Over the years, fulfilling regulatory requirements has driven us to implement upgrades on the plant floor. HEPA-filtered air handling in critical zones, full isolation of veterinary and medical ingredient production, and operator re-certification all stemmed from gaps identified during real audit cycles. Each adjustment tightens our output—each lesson learned stacks up to deliver more reliable product for every future batch.
No process remains perfect indefinitely. As equipment wears, inputs evolve, and performance expectations rise, our manufacturing workflows adapt. We replaced outdated mixing equipment with high-shear blenders to assure even carboxymethyl group attachment. Laser particle size analysis replaced older sieving methods, improving consistency in downstream blending and dissolution tests reported by our largest clients. Filter media now incorporates deeper bed elements, cutting down on trace inorganic uptake.

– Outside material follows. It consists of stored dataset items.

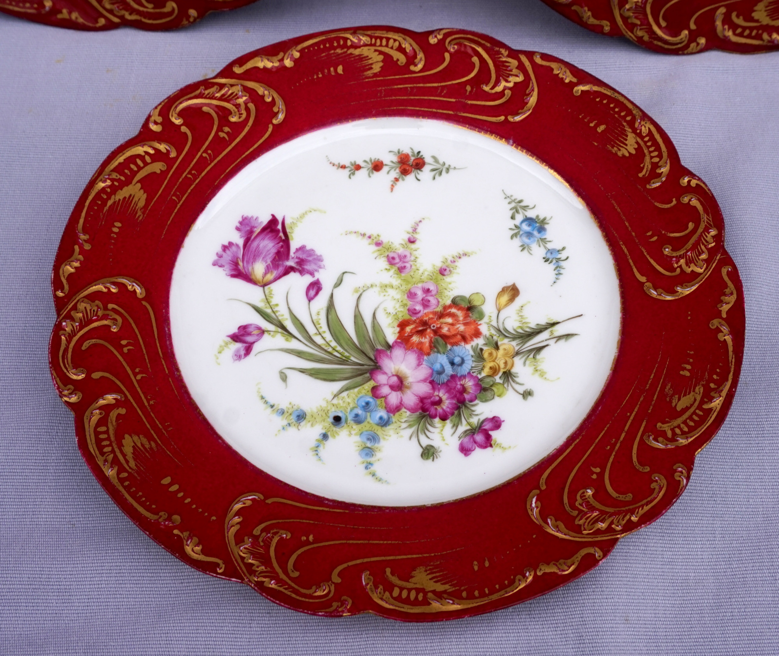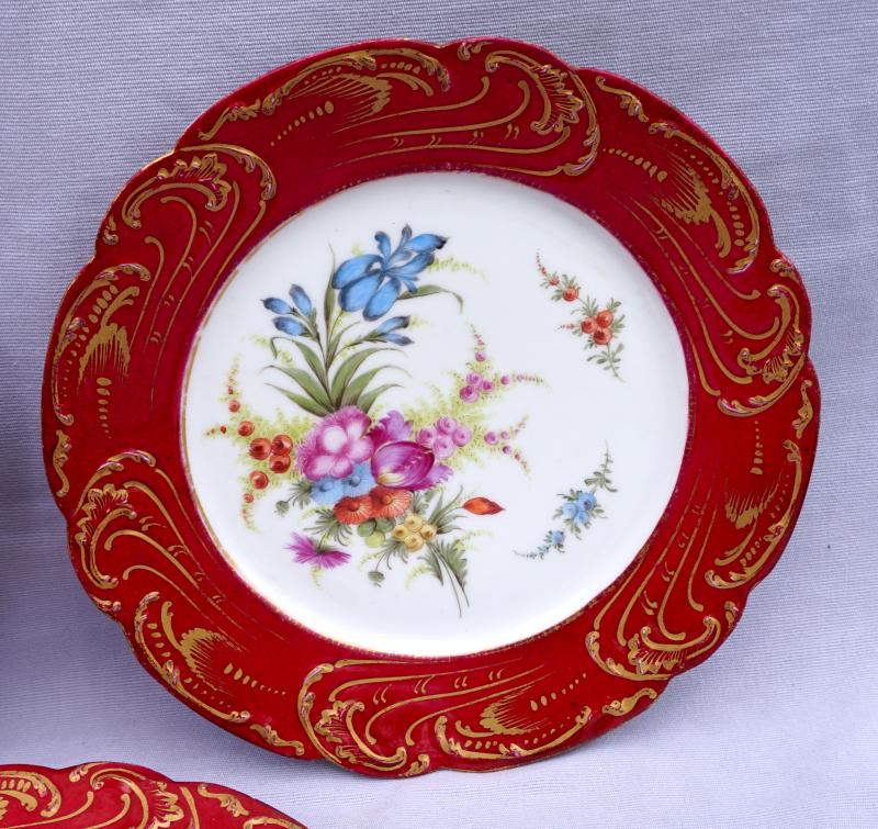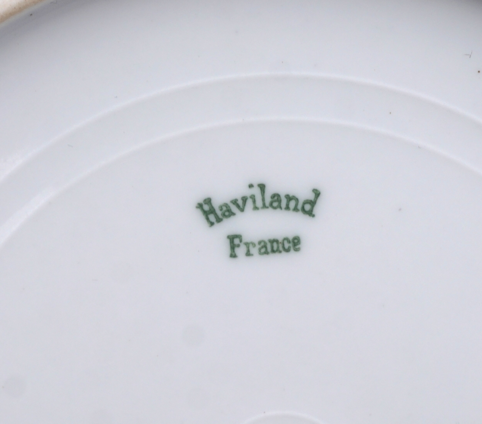 Trois assiettes en porcelaine peintes à la main de boiuquet de fleurs réhaussé or par Haviland Limoges vers 1900. Signé au dos. Diamètre 24.2 cm. Deux petites grénures au dos, une assiette en parfait état.
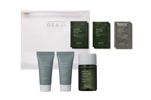 オサジのニュートラルスキンケアトライアルセットは、スキンケア5点とポーチ付きの無香料タイプです。全6種が試せるお得なセットで、敏感肌にも優しい処方です。
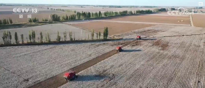 新疆是我国最重要的优质棉花产区。眼下,新疆塔城地区沙湾市的近170万亩棉花已进入最后采收期。大型采棉机在田间轰鸣穿梭,记者通过架设特种镜头记录了数字化收割的全过程。采棉机按摘头分成3—6行,整齐划一协同作业,就像一把把“刷子”梳走地里的棉花。采棉机的内部采用风机负压,将一朵朵棉花顺着管道传送到集棉箱,再通过打包仓压缩成包,每隔10分钟左右就能产下一枚“蛋卷棉”,它们也被棉农称之为“金蛋”。棉农不用费心费力,这些体积庞大的“金蛋蛋”都是由采收打包一体的采棉机自动完成。

We also set up a feedback program with key R&D collaborators, creating a corridor for front-line users and formulators to report unexpected results, desired improvements, or new application testing. For SCMC, those conversations led to modifications in drying temperatures and particle reduction protocols, culminating in a material that not only meets but often exceeds shelf-life and purity requests. Close contact with customers keeps our process dynamic and responsive.
The chemical trade offers buyers more options than ever—dozens of third-party houses, resin-blend specialists, and global trading agents market SCMC at varying price points. Yet, in our operation, the pattern stands: end users who monitor long-term outcomes and batch reproducibility tend to return to material sourced straight from the original manufacturer. Control over the production chain enables not just reliability, but also confidence in technical support and rapid responsiveness to quality or regulatory questions.
Collaboration with end users in pharma and materials chemistry keeps our attention fixed on performance gains and regulatory compliance, not just transactional turnover. Every audit, feedback roundtable, and customer formulation trial influences how we tweak process controls, quality protocols, and raw material selection. The results speak through product shelf stability, consistent analytical profiles, and minimized impurities that support both production uptime and downstream compliance.
For teams working on new formulations—whether you’re scaling up a respiratory drug, piloting a new biomedical polymer, or developing materials for specialty coatings—direct engagement with the manufacturer simplifies both due diligence and troubleshooting. Transparent documentation, a direct line to technical support, and the practical credibility that accrues from decades of hands‑on process development change the way partners approach ingredient selection. Where the market’s full of stockists and trading agents, only true manufacturers bring the detailed knowledge and operational memory that minimize risk and unlock new performance frontiers for S‑Carboxymethyl‑L‑Cysteine applications.
Lessons learned across years of actual manufacturing shape everything from batch documentation to facility upgrades. In practice, customers pursuing both reliability and regulatory satisfaction keep returning not because of spec sheet promises, but from accumulated experience with real-world results. SCMC’s story on our floor continues to evolve, shaped piece by piece by practical feedback and the constant drive to deliver solutions, not just shipments.